My wife has made that exact same “mistake.” So have I, when she’s away from home. Thing of it is, we’re both quite satisfied. Oh, we’ve had our problems, our disagreements, but nothing so bad that we want to be away from each other permanently, or that someone else could fit the bill better. Sure, I don’t kid myself that she wonders sometimes, what it’d be like with some guy that catches her attention, because I’ve thought the same thing. Well, with other women, not some other guy. But neither of us is inclined to start from the beginning all over again learning to adapt to another person’s quirks and peculiarities, and worst, the deep-seated neuroses or psychoses that don’t show themselves in the early stages of a romance.

Change is NOT change for the better. Often it’s for a lot worse and you don’t discover that until it’s too late. And the only time the grass is greener is when yours is totally dead or just nothing but dirt.

That is true. We’ll do what we can to try and make sure that doesn’t happen, but short of going back to my wife it might be inevitable. I guess that’s where the employee assistance program might be able to help.

Yes she is actually. Though my wife doesn’t want her to have anything to do with the children at the moment which is understandable.

As for finances, my wife and I are communicating well and have been discussing that regularly. At present I will be paying the required child support plus paying the mortgage on the family home. That pretty much leaves my wife and I at a similar level of poverty. As my own circumstances change we’ll be able to renegotiate things to keep them as fair as possible under the circumstances that I have put us in.
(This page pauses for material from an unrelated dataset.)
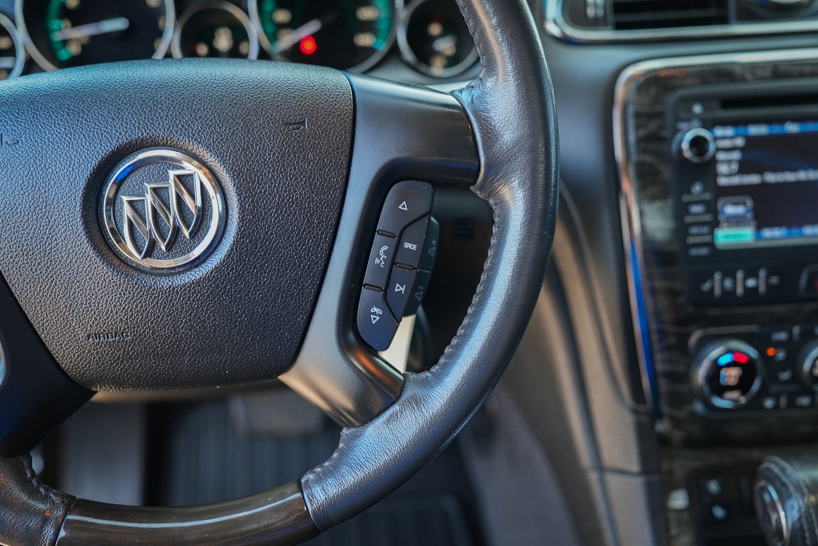 - Leather and genuine wood steering wheel
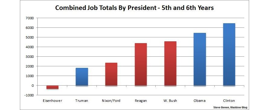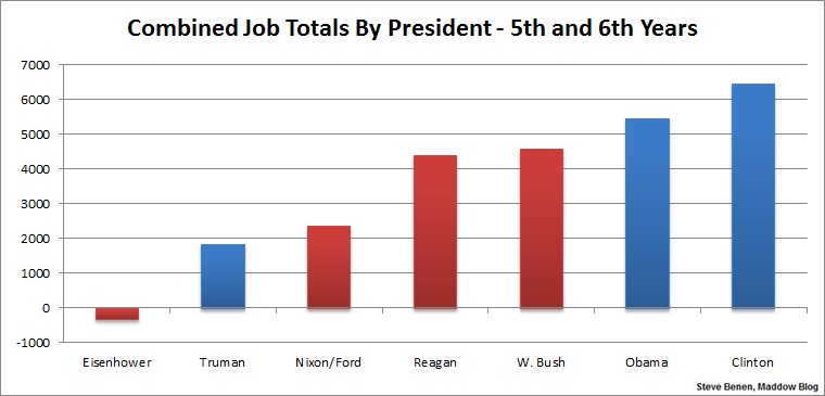 Just for kicks, let's compare Obama's job creation in his 5th & 6th years against other modern two-term presidents.

Why didn’t I take the job earlier? I’ve already said it in this thread but I’ll say it again, there were big retention bonuses on offer to stay and my wife and I both thought it was best to stay, pick up the money then get a job at home. That plan hasn’t changed. I guess if I didn’t have children I might have changed the plan and stayed closer to my new girlfriend and in that sense I’m sticking with the original plan to stay close to my children, but as it is, the change of jobs was always planned and the break up of the marriage is a separate issue.

This.

And this.

This too.

Again, it isn’t that the OP should have stayed in his marriage for the sake of the kids, or not - it’s that they seemed to barely register in his thinking.

And most definitely this.

In coming up on 20 years of marriage, I’ve certainly been attracted to other women along the way. But there’s always a lot you can do to minimize the chances of your ever acting on those attractions. And if you’re in a committed relationship where sexual and romantic fidelity is considered part of the package, then you do those things, once you’re aware of your feelings. You don’t spend time with the other persons you’re attracted to when you don’t have to. You don’t flirt with them. You don’t even hint to them of the existence of your feelings.

And the reason WHY you do these things is simple: once you’ve entered into a committed relationship, there is the chance that it may not work out. BUT in that eventuality, your SO deserves for your decision to be one of ‘can we work this out, or are our differences irreconcilable?’ rather than ‘do I want to stay with my SO or do I want this other romance more?’

You’re free to do the latter when you’re dating, when you’re footloose and fancy-free. You pursue, you spend time with, the one you’d rather be with. You can do this on the basis of ‘I like person X better than person Y.’

But once you’re committed to person X, you’re committed to that person unless you get to a point where it’s not working, it’s not going to work, and nothing you can see will change that. But even in that extremity, you owe your SO that it should strictly be a decision on the viability of your relationship, and the question of whether you might have more fun elsewhere shouldn’t even enter in.

Maybe, but probably not.

Because you didn’t go to your wife and say, “Hey, I’m feeling distanced from you and this other woman is really attractive and I think we need a new plan.”